Surat B.600/2005 ini memberikan penafsiran yang dijadikan dasar bagi perusahaan untuk tidak memberikan hak Pekerja yang mengudurkan diri atas Uang Penggantian Perumahan Dan Pengobatan yang besarnya 15%. Dari Uang Pesangon dan/atau Uang Penghargaan Masa Kerja (“UPMK”). Kurang lebih Surat B.600/2005 berisi sebagai berikut :
1.Pekerja/ buruh yang bersangkutan tidak berhak atas Uang Pesangon sebagaimana dimaksud pada pasal 156, ayat (2) dan UPMK sebagaimana dimaksud dalam pasal 156 ayat (3). undang-undang Nomor 13 Tahun 2003 tentang Ketenagakerjaan.
2.Pekerja/ buruh yang bersangkutan berhak atas uang penggantian hak sesuai dengan pasal 156 ayat (4) dan uang pisah.
3.Uang penggantian hak sebagaimana dimaksud pada angka 2 meliputi:
a.cuti tahunan yang belum diambil dan belum gugur;
b.biaya atau ongkos pulang untuk pekerja/buruh dan keluarganya ke tempat di mana pekerja/ buruh diterima bekerja;
c.Penggantian Perumahan Serta Pengobatan dan perawatan sebesar 15% (lima belas per seratus) dari uang pesangon dan atau UPMK bagi yang memenuhi syarat.
d.Hal-hal yang disepakati dalam perjanjian kerja, peraturan perusahaan atau perjanjian kerja bersama.
4.Oleh karena pekerja/buruh yang mengundurkan diri tidak mendapatkan uang pesangon dan UPMK maka pekerja/ buruh yang bersangkutan tidak mendapatkan penggantian uang perumahan, serta pengobatan dan perawatan sebagaimana ketentuan dalam Pasal 156 ayat (4)
Bagi kawan saya itu, Uang Penggantian Perumahan dan Pengobatan yang besarnya 15% dari uang pesangon dan/atau UPMK, akan sangat berarti baginya yang hendak memulai usaha sendiri. Namun karena Surat B.600/2005 ini, kawan saya harus mencukupkan diri dengan pinjaman yang sudah dipegangnya. Pertanyaannya, apakah memang Pekerja yang mengundurkan diri tidak berhak atas Uang Penggantian Perumahan Dan Pengobatan? Saya punya 2 alasan mengapa Pekerja berhak atas uang tersebut.
1.Hak Tersebut Diatur Dalam Pasal 162 ayat (1) UU No. 13 tahun 2003 tentang Ketenagakerjaan (“UU 13/2003”)

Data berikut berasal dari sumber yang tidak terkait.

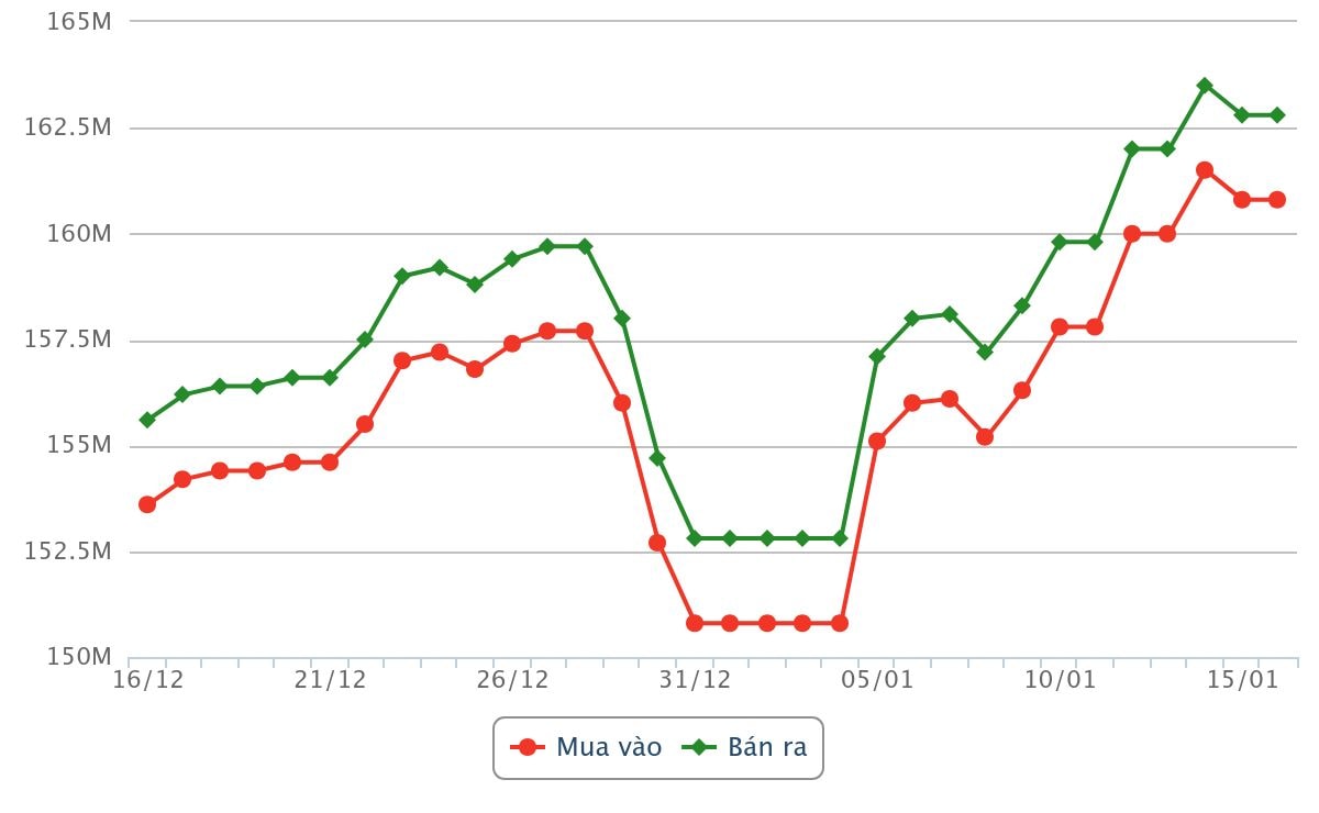 Cùng thời điểm, Công ty Cổ phần Vàng bạc Đá quý Phú Nhuận (PNJ) đang chốt phiên giá vàng miếng với mức 160,8 triệu đồng/lượng ở chiều mua vào và 162,8 triệu đồng/lượng ở chiều bán ra. Chênh lệch mua – bán tại PNJ vẫn duy trì ở mức 2 triệu đồng/lượng.

Surat B.600/2005 prinsipnya mengatakan bahwa memang Pekerja yang mengundurkan diri berhak atas Uang Penggantian Perumahan Dan Pengobatan yang besarnya 15% dari Uang Pesangon dan/atau UPMK. Namun karena Pekerja yang mengundurkan diri tidak berhak atas uang pesangon dan UPMK (uang pesangon dan penghargaan masa kerja = 0), maka besaran 15% itu harus dikalikan nol, sehingga hasil pengalian itu adalah nol, alias tidak ada Uang Penggantian Perumahan Dan Pengobatan yang bisa di bawa pulang.

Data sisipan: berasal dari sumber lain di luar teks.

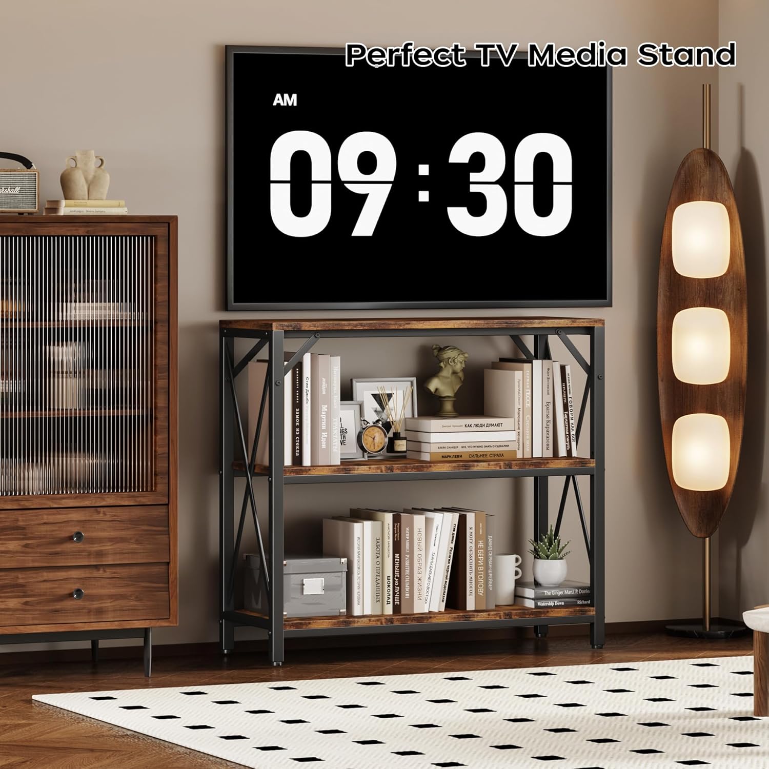 Homeiju Console Table 31.5" Width, 3-Tier Entryway Table with Storage, Industrial Sofa Table with Open Shelves, Foyer Tables for Entryway, Hallway, Kitchen, Living Room and Bedroom, Rustic Brown

Penafsiran di atas jelas menguntungkan pengusaha, itu sebabnya pengusaha memberlakukannya. Namun, apakah penafsiran ini sudah sesuai dengan maksud yang terkandung dalam undang-undang?
Hak Pekerja yang mengundurkan diri diatur dalam Pasal 162 UU 13/2003. Dalam ayat 1 Pasal tersebut diatur bahwa pekerja yang mengundurkan diri atas kemauan sendiri, memperoleh Uang Penggantian Hak sesuai ketentuan Pasal 156 ayat (4). Uang Penggantian Hak, sebagaimana dimaksud dalam pasal ini, terdiri dari 1) cuti tahunan yang belum diambil, 2) ongkos pulang buruh dari lokasi bekerja, serta 3) Uang Penggantian Perumahan Dan Pengobatan, juga 4) hal-hal lain yang disepakati di perjanjian kerja.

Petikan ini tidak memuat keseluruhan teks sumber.